05 de Dezembro de 2016 às 09:17:18

A desmobilização da população brasileira em relação à Proposta de Emenda Constitucional que limita os gastos públicos por 20 anos – a PEC 55, antiga PEC 241 –, que tramita no Congresso Nacional, pode ser creditada ao papel da mídia comercial brasileira, afirmou a jornalista Ângela Maria Carrato Diniz, professora do Departamento de Comunicação Social da UFMG. Sua exposição abriu, na manhã desta sexta-feira, 2, seminário promovido pela Apubh (Sindicato dos Professores de Universidades Federais de Belo Horizonte, Montes Claros e Ouro Branco), no auditório da Escola de Engenharia, campus Pampulha.


O evento PEC 55/241-2016: Retrocessos para a educação-ciência e déficit civilizatório teve início com apresentação que discutiu a atuação da mídia comercial brasileira em relação ao papel de informar a população do país acerca do que significa a proposta já aprovada pela Câmara dos Deputados e, em primeiro turno, pelo Senado.

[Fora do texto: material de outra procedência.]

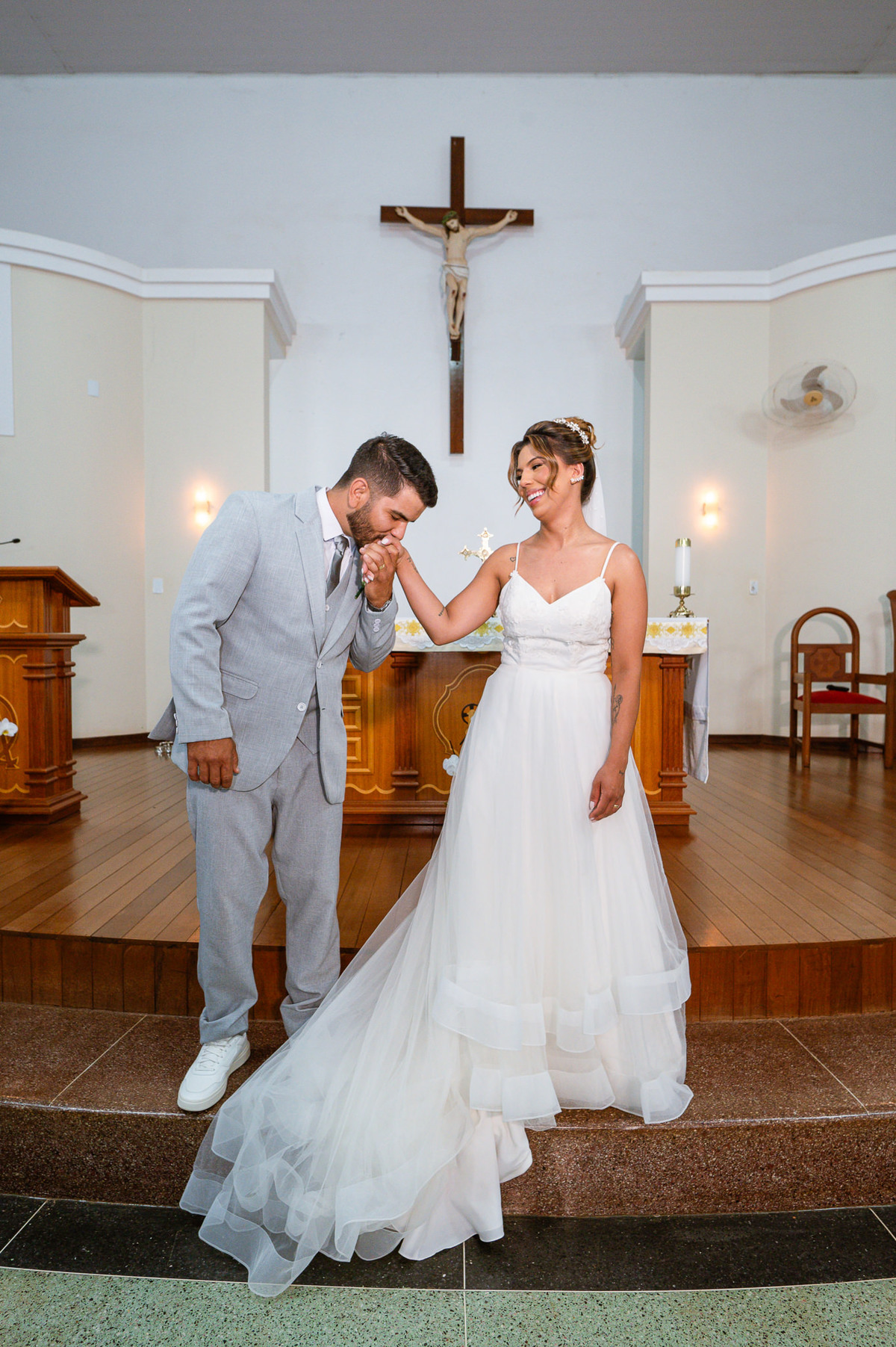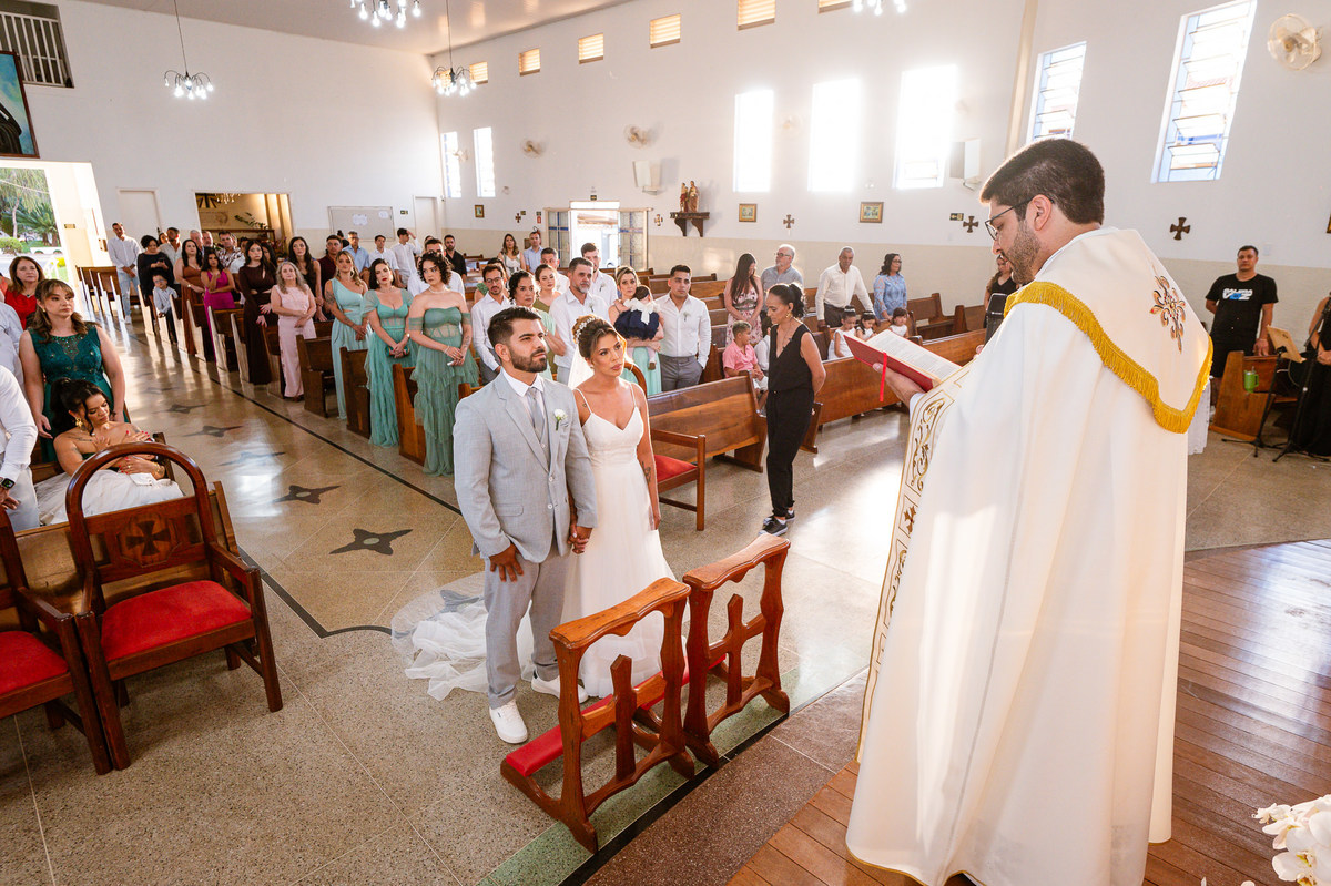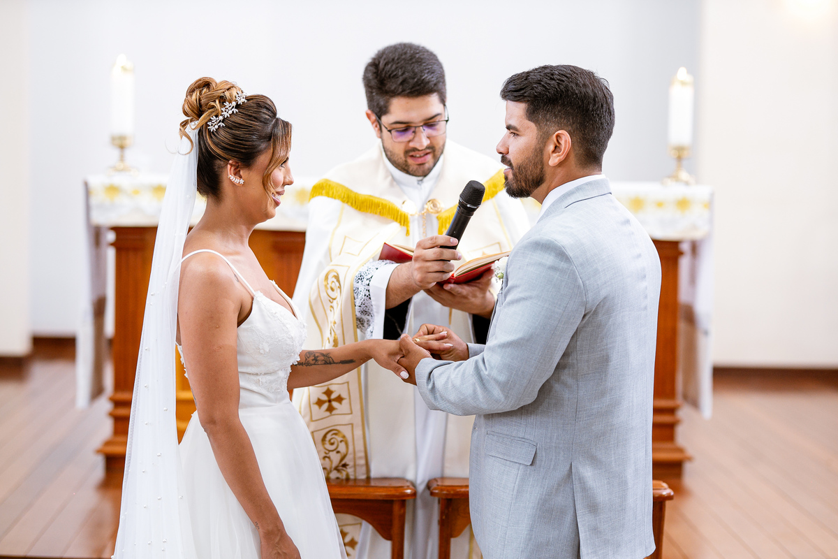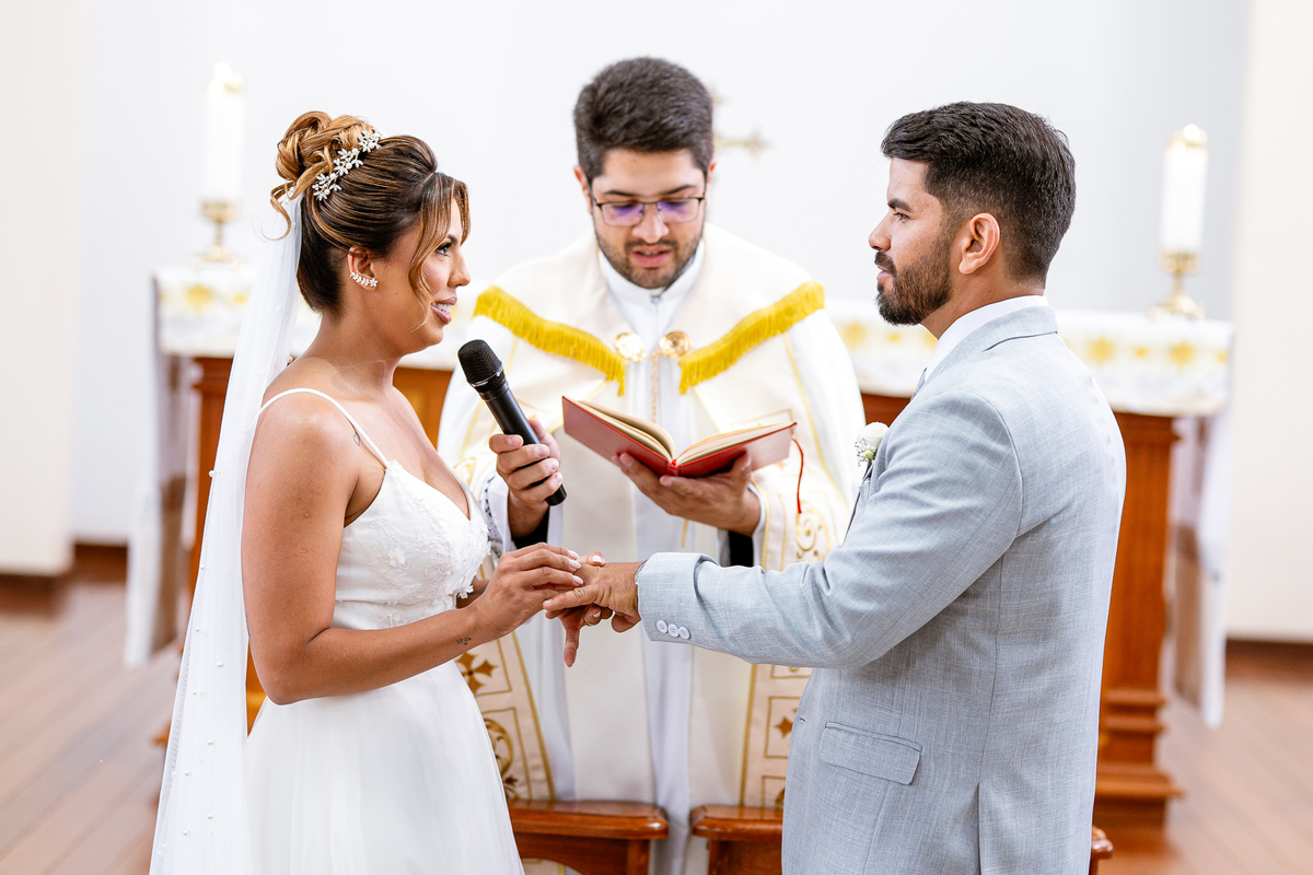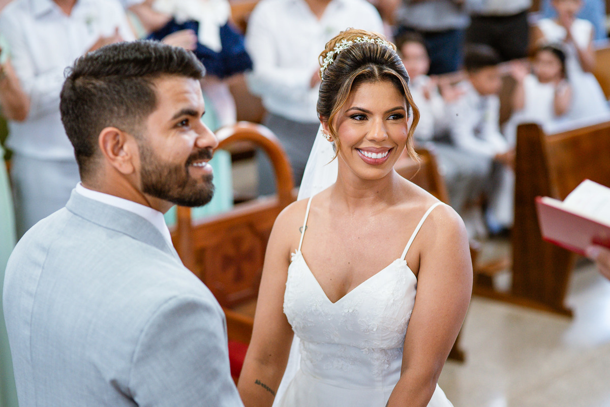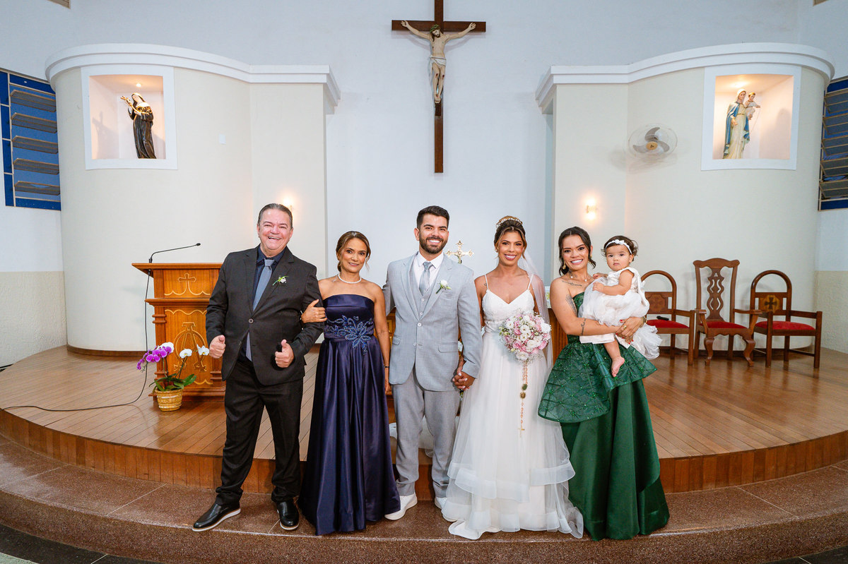 Poucos passos adiante e eles estavam prontos para se encontrar. Bheatriz despediu-se de Matheus. Rayan se aproximou, sendo recebido com um carinhoso abraço do Matheuzinho. Enfim, eram somente noivo e noiva frente a frente. Os olhares de amor e felicidade eram os únicos que se entrelaçavam naquele instante. Com um carinhoso beijo, Rayan selou aquele momento para sempre. Eles agora caminharam juntos, rumo ao altar para depois saírem dali como uma só carne. O padre os recebeu carinhosamente e trouxe uma palavra edificante e que os noivos lembrarão para sempre do que foi dito na homilia. Depois, ele os convidou a trocarem seus votos de amor eterno um para o outro. Convidou as alianças para serem trazidas, as ungiu com a água benta e pediu para que os dois colocassem um no dedo do outro. Com as palavras repetidas por eles, os dois juraram seu amor e fidelidade eternas. Com muitas palmas e festa, Bheatriz e Rayan foram declarados casados perante Deus e as testemunhas. Eles assinaram os documentos e fizemos nossas tradicionais fotografias com os padrinhos e parentes dos dois. Posteriormente, a fila de padrinhos foi formada do lado de fora da Igreja. Com muitas bolhinhas de sabão, os recém-casados foram recebidos com muita festa. Eles se despediram de alguns convidados e partimos pro nosso mini ensaio de casados.
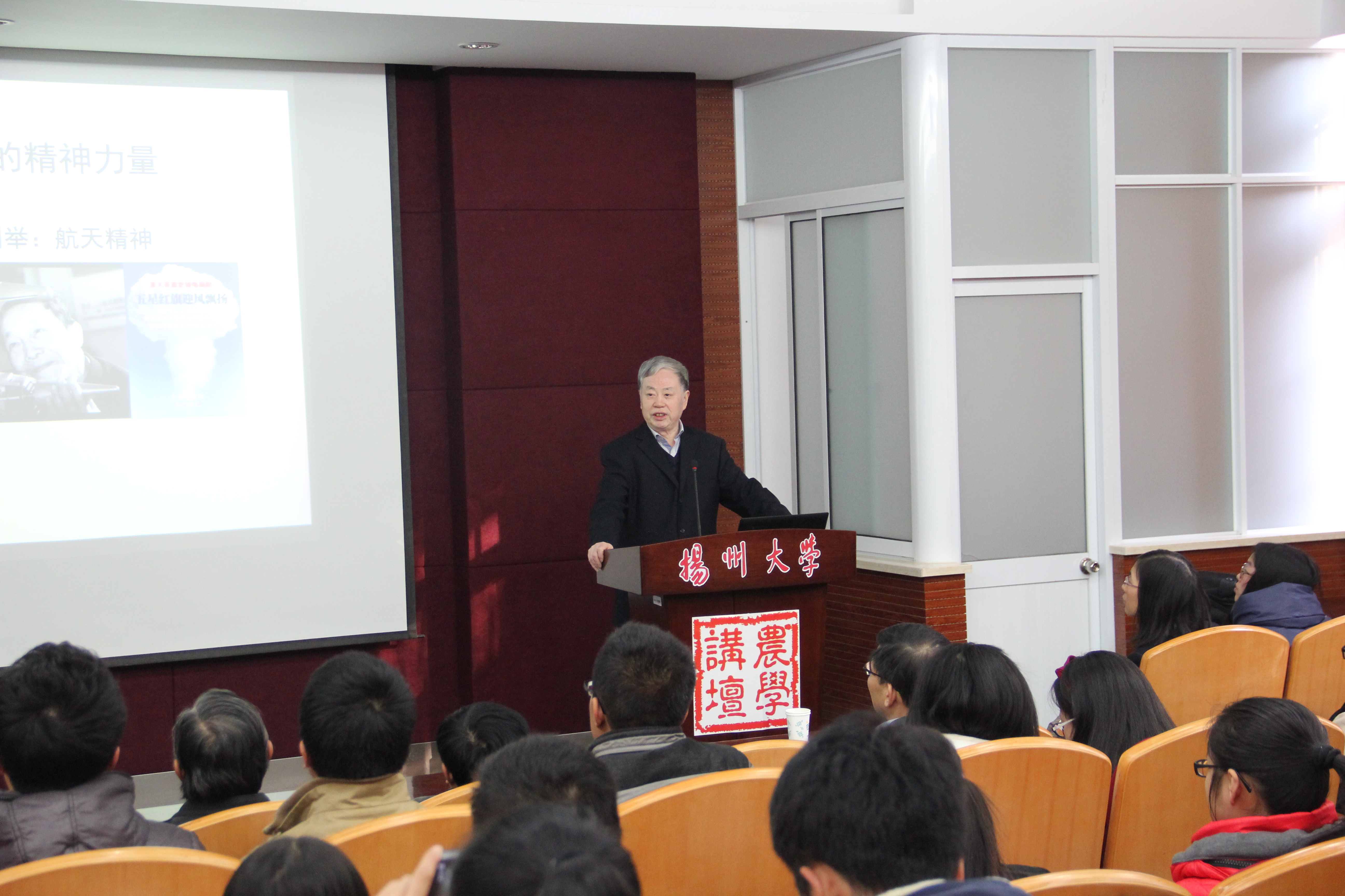 朱院士结合自身经历,从民族精神、杂交水稻事业、团队合作三个方面与师生一起分享他对于个人事业与民族精神、科学精神、团队合作紧密相关的感悟。把一代代科学家坚持的中国杂交水稻事业的精神浓缩为:吃苦耐劳的奉献精神;不畏艰险的乐观精神;坚持不懈的奋斗精神;不断进取的创新精神;通力合作的团结精神;实事求是的科学精神;敬业忠心的爱国精神;心系天下的博爱精神。最后,朱院士讲了他的科研团队,作为一个院士,他将他的研究成果归功于他的团队,同时阐述了团队在科研事业中的重要性。

DSC_8219.jpgÂngela Carrato [foto]considera que o cenário econômico encontrado pelo presidente Michel Temer (PMDB) se assemelha muito àquele com o qual Lula (PT) deparou quando assumiu a presidência em 2003, após sua primeira eleição, um ano antes. “A diferença é que Lula e o Partido dos Trabalhadores não optaram por medidas de choque, como é essa PEC. A opção, naquela época, foi pela construção de um Estado de bem-estar social”, avaliou.


É esse Estado de direitos que, segundo Carrato, está sendo destruído pelo atual governo com medidas como a PEC 55. “A cada medida que retira direitos garantidos por esse Estado de bem-estar social construído durante os governos de Lula e Dilma Rousseff, a mídia brasileira aplaude. Em vez de apresentar as várias facetas da realidade, a mídia escolheu uma verdade que tem expressado no dia a dia, que está diretamente associada aos interesses do capital internacional”, afirmou.


Para a professora, a postura da mídia comercial brasileira demonstra que ela é “inimiga do Estado de Direito”. “Em países da Europa e nos Estados Unidos, a mídia foi parceira do Estado na construção do Estado de bem-estar social. Aqui, ela tem atuado na direção contrária”, pontuou.


Nesse contexto, a jornalista defende que a cobertura feita sobre a PEC 55 tem um lado claro, que ignora as várias outras facetas da medida. “Esse ajuste ultraneoliberal é um dos caminhos para enfrentar a crise, não é ‘o caminho’, único, como se tem tentado mostrar. Após isolar a crise brasileira do contexto mundial, ignorando a crise econômica internacional, os órgãos da mídia brasileira têm divulgado esta PEC como a única alternativa”, denunciou.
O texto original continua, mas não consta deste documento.